LCR 2015, Nijmegen, Hollanda, 11 - 13 Eylül 2015
EFL/ESL teachers use various error feedback strategies
to help their students become better writers. Although different kinds of
teacher feedback help students improve their writing in terms of language, some
problems may still persist. In some cases, texts written by non-native speakers
of English may sound unnatural not because of incorrect structural or lexical
problems, but because of figurative/metaphorical language issues. The limited
research on metaphorical fluency shows that in language learning environment
metaphorical competence cannot be identified frequently. Danesi (1995) gives
the reason of this not as learners’ incapability of learning metaphors, but as
not receiving conceptually and linguistically appropriate models. It is largely
believed that L2 learners need to be exposed to metaphorical language to become
conceptually fluent (Lan, 2008; Andreou and Galantomos, 2009; Telebinezhad, 2007; Hashemian and Nezhad, 2007;
Charteris-Black, 2002; Danesi, 1995). Corus-based metaphorical language use studies mostly compare
native and non-native speaker ratios of metaphorical language in their written
or oral productions for metaphorical density. They mostly report similar
results for native and non-native groups of different L2 learners (Andreou
& Galantomos, 2009; Hashemian & Nezhad, 2006; Danesi, 1995).
This study investigated the
metaphorical language use of Turkish EFL students at tertiary level with a
longitudinal corpus-based approach and aimed to find out the relationship
between language proficiency level and the ratio of metaphorical language use,
quality of metaphors in terms of being native vs. non-native like, and the
influence of L1 metaphorical language use. With a
longitudinal corpus-based design, 19 Turkish students’ metaphorical language
use was investigated through their four writing exams during their one-year
intensive English study and a delayed writing test five months after they
finished the program. In metaphor
studies identifying and analysing metaphorical language use in a corpus raise
some problems. Pitcher (2013) describes metaphor analysis as “a method of
extracting conceptions from texts” (p.1) which is mostly intuition-based while
some others suggest taxonomies (Crisp et
al., 2002; Babarczy et al., 2014).
In this study, we used the
Metaphor Identification Procedure (MIP) proposed by a group of researchers
named Pragglejaz Group (2007). It is a mechanical analysis of metaphors in
terms of checking each word against the literal dictionary definition.
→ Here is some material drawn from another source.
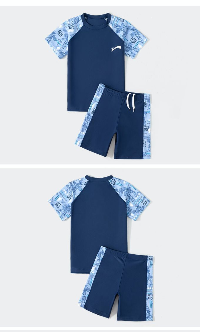 男寶短袖泳裝套裝-LET'S GO機器人-深藍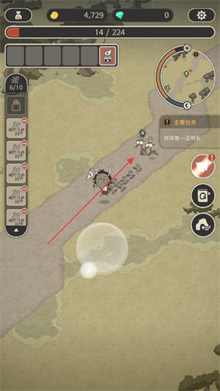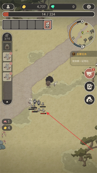1、操控角色队伍移动,推进获得第一只明石主线任务,向目标怪物方向前进。

According to MIP, if the meaning of a word is not identical to its literal
definition, it can be considered a metaphor. Steen (2011) defines five steps of
MIP as identification of metaphor-related words, metaphor-related propositions,
open metaphorical comparison, analogical structure, and cross-domain mapping.
Following these steps, the data were coded for metaphorical language use. After
the quantitative analysis of the data, five students were interviewed to find
out their orientations for specific results.
The results of the study revealed that the ratio of
metaphor use consistently decreased in students’ writings, and the difference
was found to be significant between five different time periods (four written
exams in eight months and the delayed writing task). The increase in language
competence in time led to decrease in students’ use of metaphors. It was also
found that native-like metaphor use outweighed non-native-like metaphor use,
and the effect of L1 on non-native-like metaphor use was apparent. The interview
results show a clear support for these findings in the sense that at higher
levels students prefer to use simple language that they are sure of and avoid
complexity and uncertainty. The dominance of native-like metaphor use can be
attributed to their learning metaphorical language as chunks and using them as
chunks when they can/need. When they
were asked about the reasons for the effect of L1 on their metaphorical
language use, they indicated that when they were not allowed to use
dictionaries the only source they could rely on was their L1 from which they
could translate into English. Based on these results, it can be contended that
metaphorical language competence should be an additional component of language
curriculum/syllabus and ways of increasing the ratio of metaphorical language
use in parallel with general language competence should be explored.